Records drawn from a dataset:
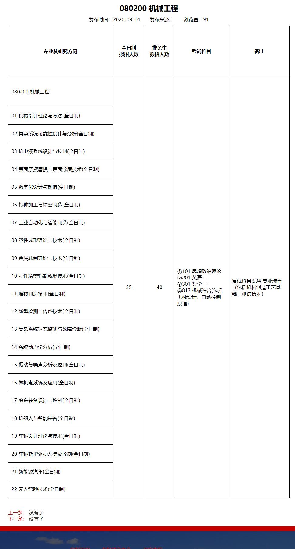 2021考研專業目錄:北京科技大學機械工程學院080200 機械工程2021年碩士研究生招生專業目錄
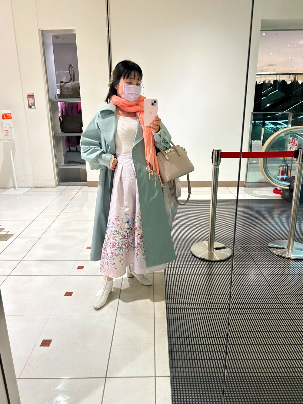 マジェスティックレゴンのメッシュブーツ ホワイトは、抜け感があって涼しくて良さげ🤭 ノーリーズの春コート トッコクローゼットの花柄ジャガードスカート ジルバイジルスチュアートのビジューつきバッグ
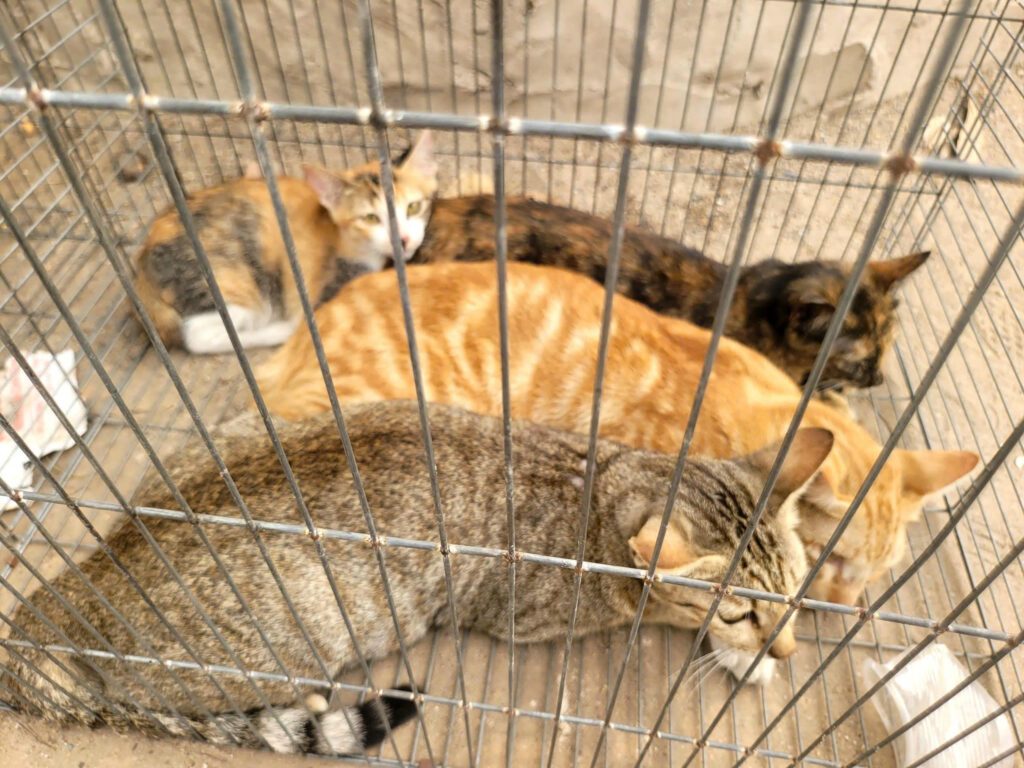Tại hiện trường, lực lượng chức năng thu giữ 18 con mèo cùng nhiều phương tiện, dụng cụ phục vụ việc bắt trộm và vận chuyển, trong đó có hàng chục bẫy mèo tự chế, túi lưới, chĩa kim loại, bình ắc quy và bình xịt hơi cay. Các đối tượng khai nhận mang theo bình xịt hơi cay để chống trả nếu bị phát hiện hoặc truy đuổi.
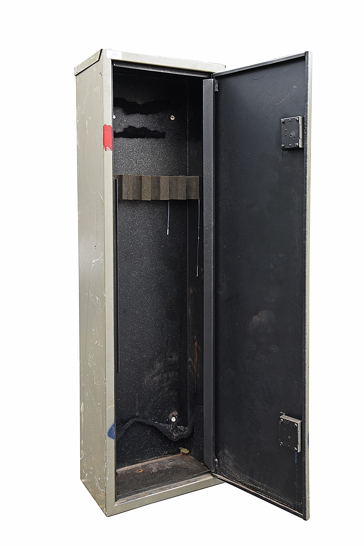 A STEEL GUN CABINET, for approx 5-6 guns, 2 x locks (including keys) measuring approx. 51 1/2in. x 16in. x 9 1/2in.
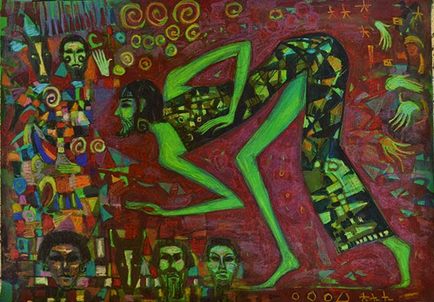 His work is characterized by intricate layers of color, symbols and letters that convey universal messages about coexistence, peace and freedom.
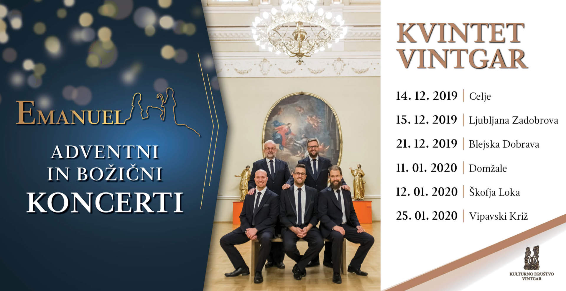 Kvintet Vintgar v preteklem adventnem in še vedno aktualnem božičnem času izvaja koncerte po slovenskih cerkvah s skupnim naslovom “Emanuel”. Tri dogodke so že izvedli v decembru (Celje, Ljubljana Zadobrova in Blejska Dobrava), trije še sledijo v januarju in sicer:
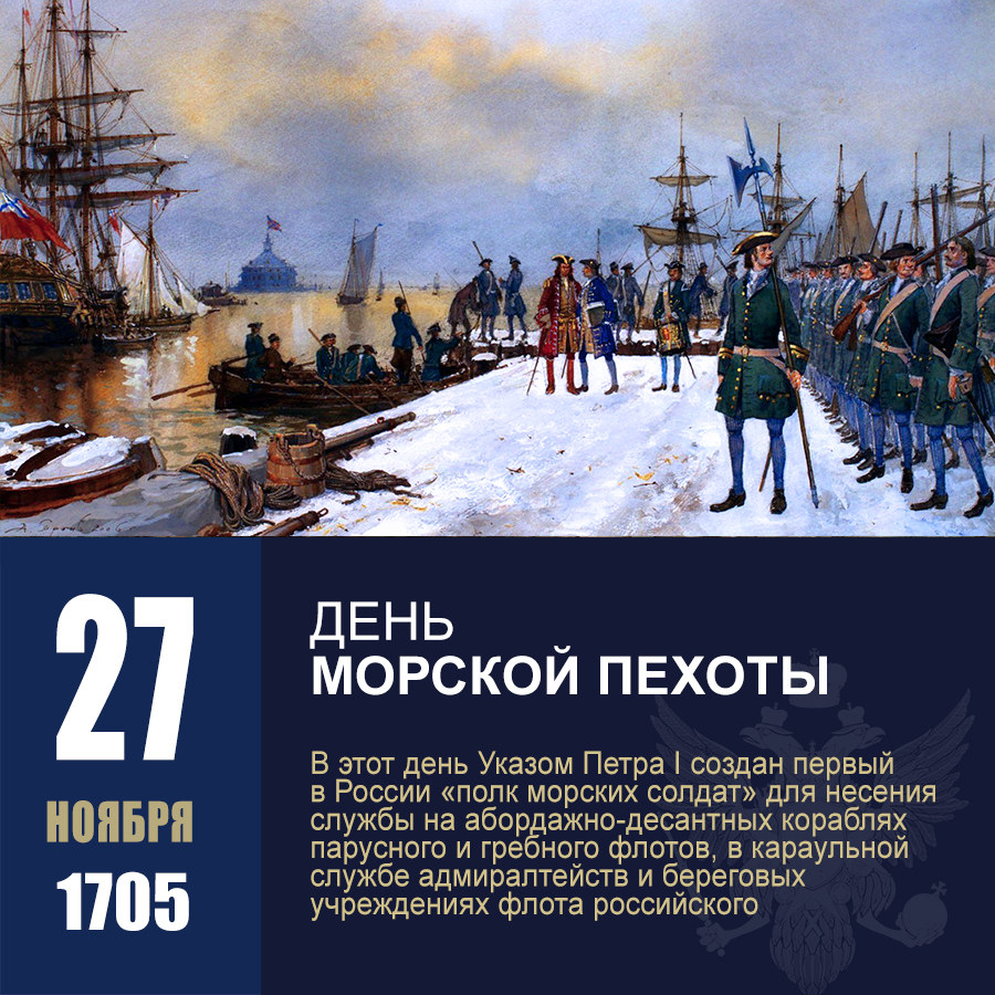 Сегодня, 27 ноября, в Вооруженных Силах Российской Федерации отмечается 320-я годовщина со дня основания морской пехоты.
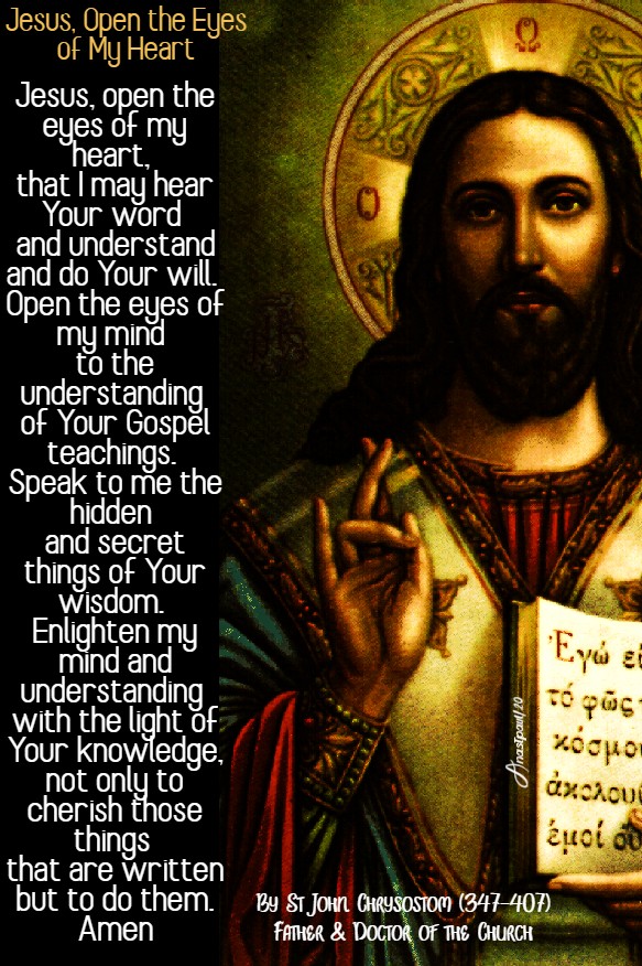 “Jesus, open the eyes of my heart, that I may hear Your word and understand and do Your will. Open the eyes of my mind to the understanding of Your Gospel teachings. Speak to me the hidden and secret things of Your wisdom. Enlighten my mind and understanding with the light of Your knowledge, not only to cherish those things that are written but to do them. Amen”

TASK DIRECTIONS: Every entry should be written out word for word, except for its pictures.

SOLUTION:
 2021考研專業目錄:北京科技大學機械工程學院080200 機械工程2021年碩士研究生招生專業目錄
 マジェスティックレゴンのメッシュブーツ ホワイトは、抜け感があって涼しくて良さげ🤭 ノーリーズの春コート トッコクローゼットの花柄ジャガードスカート ジルバイジルスチュアートのビジューつきバッグ
Tại hiện trường, lực lượng chức năng thu giữ 18 con mèo cùng nhiều phương tiện, dụng cụ phục vụ việc bắt trộm và vận chuyển, trong đó có hàng chục bẫy mèo tự chế, túi lưới, chĩa kim loại, bình ắc quy và bình xịt hơi cay. Các đối tượng khai nhận mang theo bình xịt hơi cay để chống trả nếu bị phát hiện hoặc truy đuổi.
 A STEEL GUN CABINET, for approx 5-6 guns, 2 x locks (including keys) measuring approx. 51 1/2in. x 16in. x 9 1/2in.
 His work is characterized by intricate layers of color, symbols and letters that convey universal messages about coexistence, peace and freedom.
 Kvintet Vintgar v preteklem adventnem in še vedno aktualnem božičnem času izvaja koncerte po slovenskih cerkvah s skupnim naslovom “Emanuel”. Tri dogodke so že izvedli v decembru (Celje, Ljubljana Zadobrova in Blejska Dobrava), trije še sledijo v januarju in sicer:
 Сегодня, 27 ноября, в Вооруженных Силах Российской Федерации отмечается 320-я годовщина со дня основания морской пехоты.
 “Jesus, open the eyes of my heart, that I may hear Your word and understand and do Your will. Open the eyes of my mind to the understanding of Your Gospel teachings. Speak to me the hidden and secret things of Your wisdom. Enlighten my mind and understanding with the light of Your knowledge, not only to cherish those things that are written but to do them. Amen”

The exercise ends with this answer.